ByungJik_Oh·2025년 4월 21일

AI Deep Learning machine learning 케라스 창시자와 배우는 딥러닝

[DEEP LEARNING with Python]

목록 보기

3/9

📖 02장. 신경망의 수학적 구성 요소

🗝️ 핵심내용

첫 번째 신경망 예제 만들기

텐서와 텐서 연산의 개념

역전파와 경사 하강법을 사용하여 신경망이 학습되는 방법

📑 신경망의 엔진: 그레이디언트 기반 최적화

초기의 W(가중치)와 b(절편)은 난수로 채워져 있는데, 이 상태에선 relu(dot(W, input) + b)가 유용한 표현을 만들 것이라고 기대하기 힘들다. 이때 점진적인 조정, 훈련(training)을 통해 피드백 신호에 기초하여 가중치가 점진적으로 조정된다. 이는 다음과 같은 훈련 반복 루프(training loop)안에서 일어난다.

훈련 샘플 x와 타깃 y_true의 배치 추출
x를 사용하여 y_pred 추출
y_pred와 y_true츼 차이를 측정하여 모델의 손실 계산
배치에 대한 손실이 감소되도록 모델의 모든 가중치 업데이트

그렇다면 손실을 어떻게 감소하는 방향으로 업데이트 할 수 있을까?

텐서 연산의 도함수: 그레이디언트

그레이디언트 : 텐서 연산(텐서 함수)의 도함수

loss_value = f(W)
1. 현재 W의 값을 W0라고 하였을 때, 점 W0에서 f의 도함수는 grad(loss_value, W0)
2. 위 텐서의 각 원소 grad(loss_value, W0)[i, j]는 W0[i, j]를 수정했을 때 loss_value가 바뀌는 방향과 크기

위와 같은 그레이디언트의 특징을 활용하여 함수 f에 대해 도함수의 반대방향으로 x를 조금 움직이면 f(x)의 값을 조금씩 감소시킬 수 있다.

확률적 경사 하강법

이때 손실 함수의 최솟값을 해석적으로 구할 수 있는데, 함수의 최솟값은 도함수가 0인 지점이다. 하지만 실제 신경망에서는 파라미터의 수가 수천, 수만개가 되기 때문에 해석적으로 해결하는 것은 어렵다.

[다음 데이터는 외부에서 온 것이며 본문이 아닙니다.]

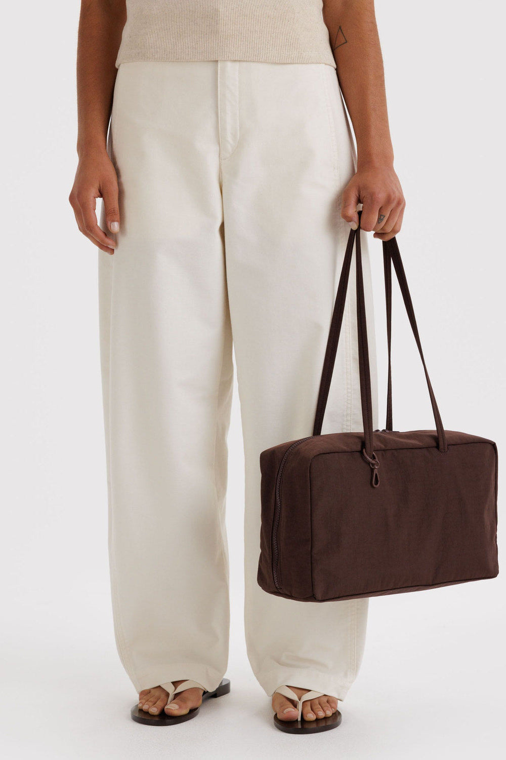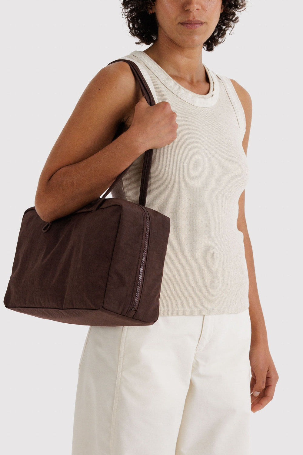 Medium Nylon Bowler Bag, Coffee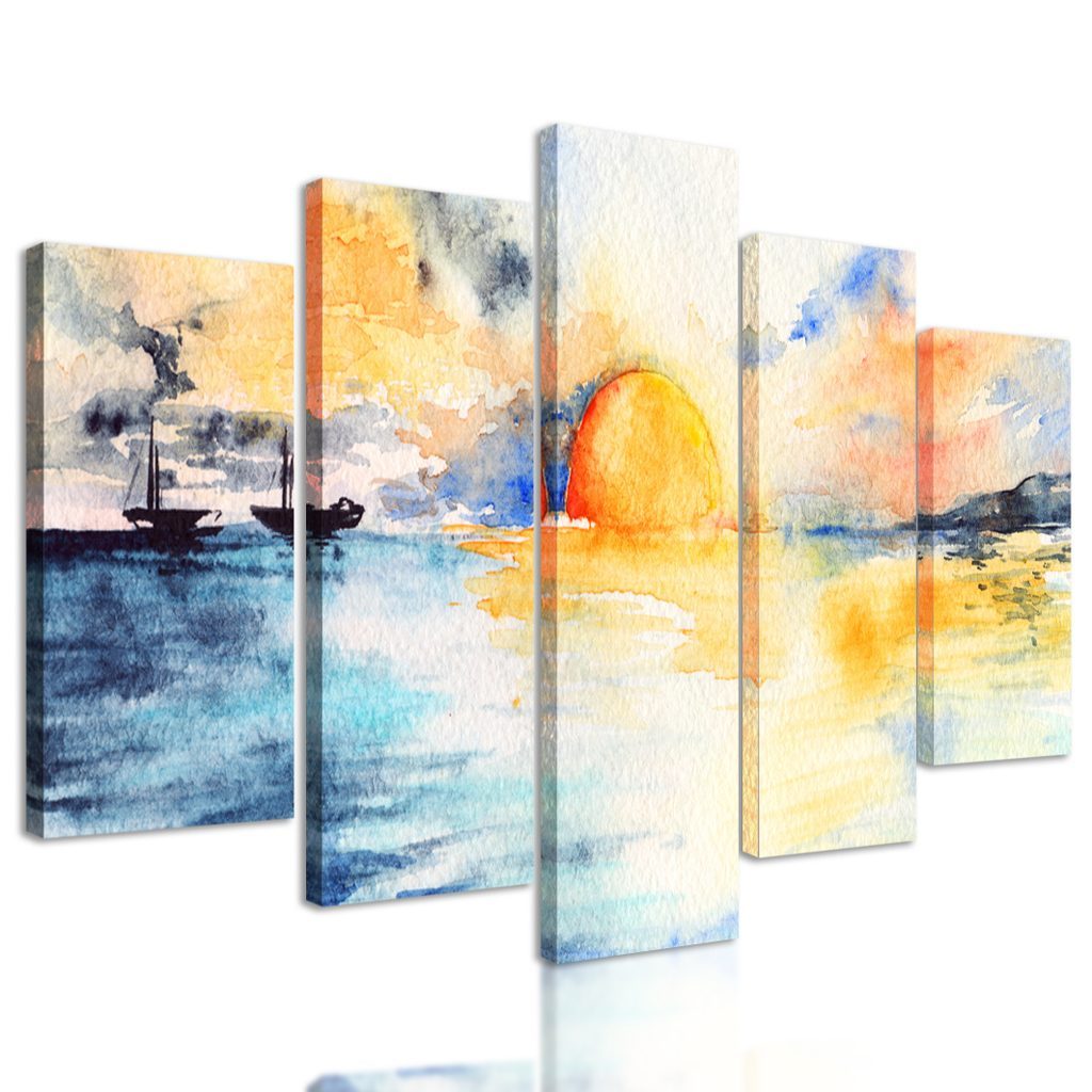 5-dílný obraz malba západu slunce nad mořem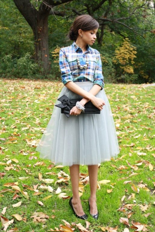 And in a tandem with a fluffy skirt, a plaid shirt will create a spectacular festive bow.
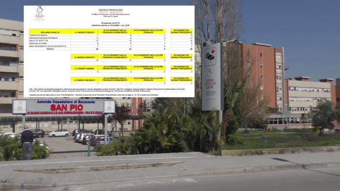 Dei 66 pazienti accertati positivi al covid 19, 51 sono residenti nella provincia di Benevento. Ad oggi la situazione presso l'ospedale del capoluogo sannita è la seguente: 38 pazienti ricoverati, di cui 33 residenti nella provincia di Benevento. Pazienti provenienti dalla Casa di Cura "Villa Margherita", primo focolaio di coronavirus nel Sannio, ricoverati a causa del presso l'Area dedicata, sono stati ad oggi 15. Tre di questi sono deceduti.
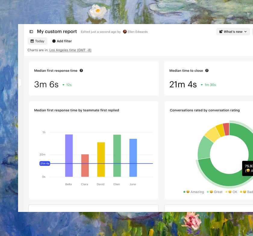 Most customer service leaders don’t have a full view of their support operation, often using an assortment of tools and spreadsheets to keep on top of metrics. Intercom Reporting delivers a holistic view of team performance.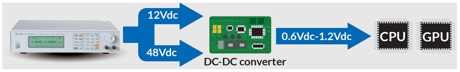 以CPU及GPU供電順序來看,多數(shù)是由12V或是48V經(jīng)過DC-DC轉(zhuǎn)換器,降為0.6V至1.2V給CPU及GPU的電源使用,在DC-DC轉(zhuǎn)換器前端可以參考Chroma 62000P系列,具有40V/120A/1,200W及80V/60A/2,400W輸出能力適合選用,其DC-DC模塊輸出電壓范圍約在0.6V至1.2V,63202 -20具有20V、1,000A或2,000A、2,000W帶載能力,特別適合低壓大電流等相關(guān)測試。
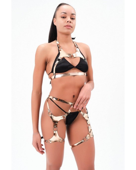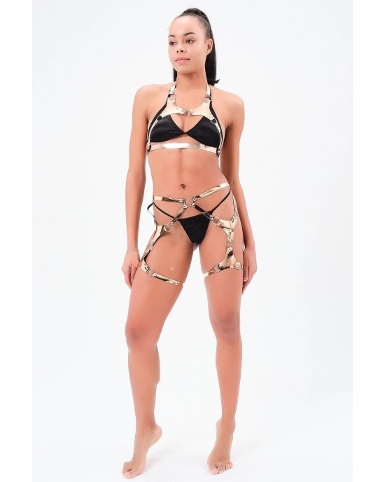 Deri Jartiyerli Gold Renk Harness Deri Takım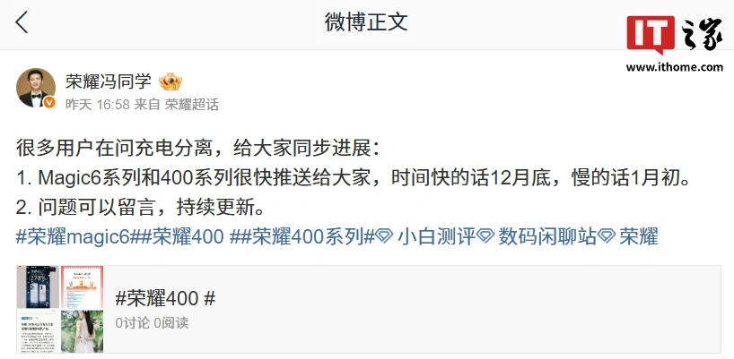 IT之家 11 月 29 日消息,荣耀游戏研发工程师 @荣耀冯同学 昨日发文透露,荣耀 Magic6 / 400 系列手机的「充电分离」功能预计 12 月底或 1 月初推送升级

대신 랜덤한 배치 데이터에서 현재 손실값을 토대로 하여 조금씩 파라미터를 수정하는 방법을 사용할 수 있다.

훈련 샘플 배치 x와 타깃 y_true 추출
x로 예측 y_pred 추출
이 배치에서 y_pred와 y_true의 차이를 측정하여 손실 계산
손실 함수의 그레이디언트 계산
그레이디언트의 반대방향으로 사용자가 설정한 learning_rate (스칼라 값)을 사용하여 파라미터를 조금씩 이동 시킨다. ex) W -= learing_rate * gradient

또한 업데이트할 다음 가중치를 그레이디언트 값 뿐만아니라 모멘텀을 사용한 SGD, Adagrad, RMSProp 등이 있다. 이러한 방법들을 모두 최적화 방법(옵티마이저, optimization method)라고 한다.

# 모멘텀을 사용한 옵티마이저의 간단한 구현
past_velocity = 0
momentum = 0.9
while  loss > 0.01:
    w, loss, gradient = get_current_parameters()
    velocity = momentum * past_velocity - learning_rate * gradient
    w = w + velocity
    past_velocity = velocity
    update_parameter(w)

손실 함수의 도함수가 0이 되는 값은 여러가지가 될 수 있고, 도함수가 0이 되는 지점 중 최솟값이 아닌 지점을 지역 최솟값이라고 한다. 이때 작은 학습률을 가진 SGD로 최적화 되었다면 전역 최솟값이 아닌 지역 최솟값에 갇힐 수 있는데, 모멘텀의 개념을 사용하여 이러한 문제를 피할 수 있다.

도함수 연결: 역전파 알고리즘

역전파 : 간단한 연산의 도함수를 사용해서 이런 기초적인 연산을 조합한 복잡한 연산의 그레이디언트를 쉽게 계산하는 방법이다.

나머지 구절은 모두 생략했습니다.